We addressed these challenges by developing and validating detailed NLP algorithms to accurately identify patients with aortic stenosis (AS) and associated parameters from echocardiography reports, and compared the accuracy of the NLP algorithm to the use of administrative diagnostic codes to identify patients with AS in a large, diverse, community-based population.

Methods

Study population

The study population was derived from members in Kaiser Permanente Northern California (KPNC), a large, integrated healthcare delivery system currently providing comprehensive inpatient, emergency department, and outpatient care for >4.5 million members in 21 hospitals and >255 outpatient clinics across Northern California. The KPNC membership is highly representative of the surrounding local and statewide population in terms of age, sex, and race/ethnicity.¹¹

This study was approved by the KPNC institutional review board. Waiver of informed consent was obtained owing to the nature of the study.

Study sample

We identified all patients aged ≥18 years who underwent ≥1 echocardiogram performed as part of usual clinical care between January 1, 2008 and December 31, 2018 within KPNC. We excluded patients who were not active health plan members in KPNC at the time of the echocardiogram or who had unknown sex.

Outcomes

The primary outcomes were the accuracy of NLP algorithms for detecting presence of AS, characterizing severity of AS, and identifying other echocardiographic variables.
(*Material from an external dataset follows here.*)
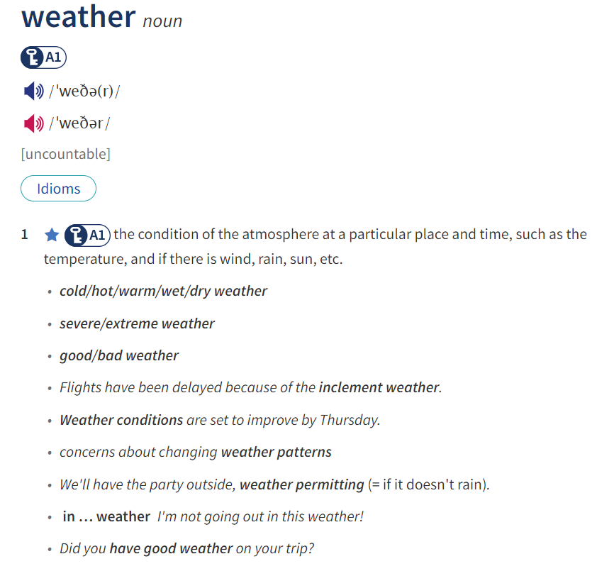 Look at the entry of the word ‘weather’ in a dictionary. Use what you can get from the entry to complete the sentences with two or three words.
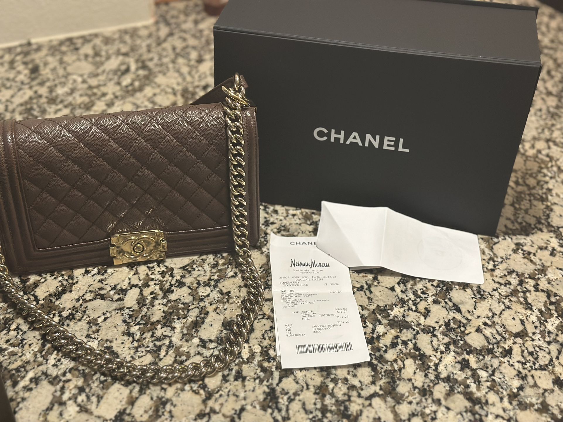 Only used a few times purchased at Chanel in Neimans for 7,300 , happy to meet at the Chanel store in Scottsdale fashion square to validate authenticity. Have gone to both of the retail boutiques in old town and Kireland they have very used chanel bags that are not even close to good condition and no dark brown for 5,500 .

We also examined the concordance of identifying the presence of AS through an NLP algorithm compared to using ICD-9 or ICD-10 diagnostic codes.

Assembly of development and validation samples of echocardiogram reports

Echocardiogram reports in KPNC are semi-structured free text reports written by physicians, with generally 3 sections: (1) Summary/Impression, (2) Findings, and (3) Measurements. As expected, there is significant variability in the language used in echocardiographic reporting across physician readers, depending on use of free text, health system–wide standard text phrases, or personal templates that are allowed within the echocardiogram software application and electronic health record (EHR). All 21 hospitals used the same electronic reporting system, the McKesson Cardiology Echo reporting system, which underwent several upgrades and updates over the study period, and which offered a high degree of flexibility for the reading physician (Supplemental Material).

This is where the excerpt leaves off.